Jacob Seebacher (1833 in Germany – August 18, 1889 in New York City) was an American politician from New York.

Life
He attended the common schools in New York City. Then he became a cigar maker, and later an auctioneer. He was a lieutenant in the 6th Regiment of the National Guard.

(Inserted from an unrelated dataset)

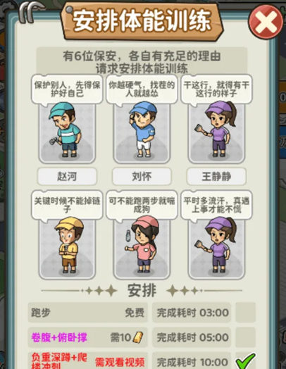 实战环节注重沉浸式交互体验:当遭遇盗窃、滋事等突发状况时,玩家需快速调派合适人员、选择应对策略并完成现场控制;此外还可组织团队建设活动,如模拟对抗训练、体能强化课程等,增强成员协作能力与职业归属感。系统还会不定期发放稀有设备奖励,助力企业实现技术迭代与服务能力跃升。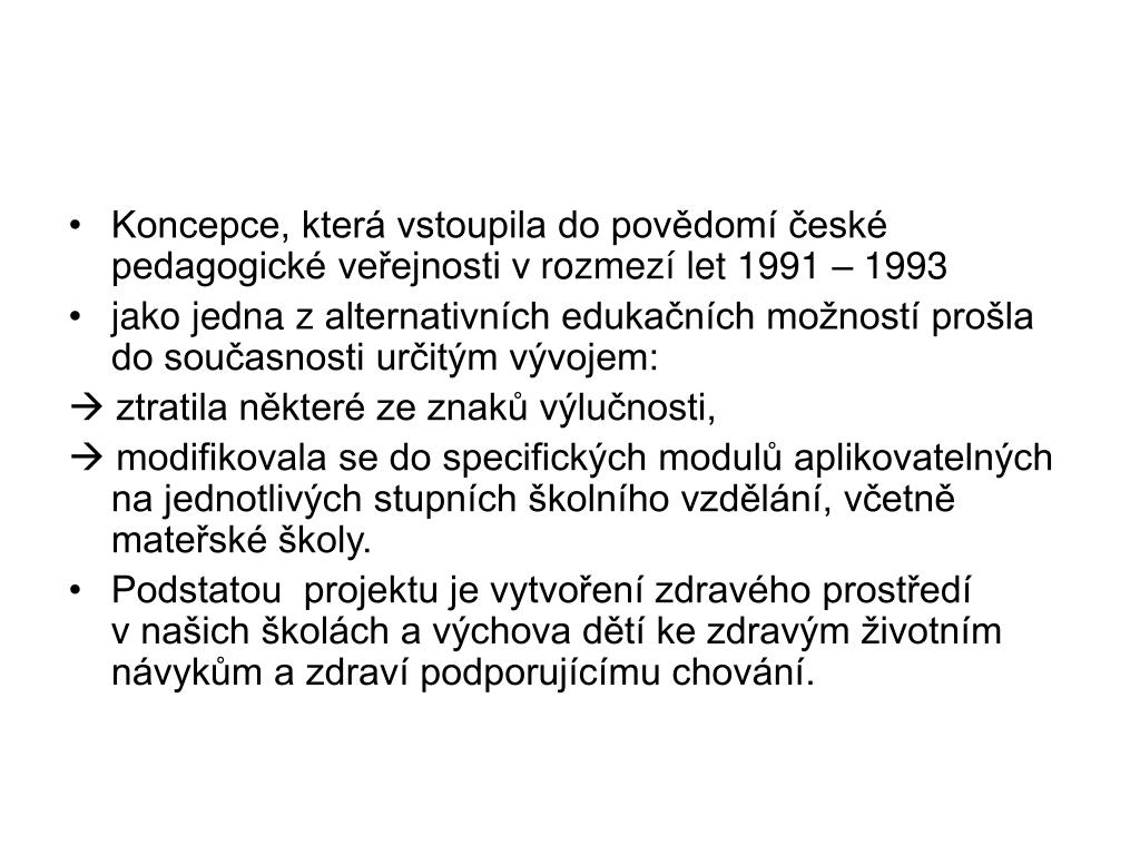 Koncepce, která vstoupila do povědomí české pedagogické veřejnosti v rozmezí let 1991 – 1993 • jako jedna z alternativních edukačních možností prošla do současnosti určitým vývojem: ztratila některé ze znaků výlučnosti, modifikovala se do specifických modulů aplikovatelných na jednotlivých stupních školního vzdělání, včetně mateřské školy. • Podstatou projektu je vytvoření zdravého prostředí v našich školách a výchova dětí ke zdravým životním návykům a zdraví podporujícímu chování.

He was at times an Inspector of Lamps and Gas; a clerk in the County Clerk's office; and Warrant Clerk in the Finance Department.

He was a member of the New York State Assembly (New York Co., 8th D.) in 1865 and 1866. Afterwards, he was a deputy sheriff.

He was again a member of the State Assembly (New York Co., 6th D.) in 1878 and 1879; and a member of the New York State Senate (6th D.) in 1880 and 1881.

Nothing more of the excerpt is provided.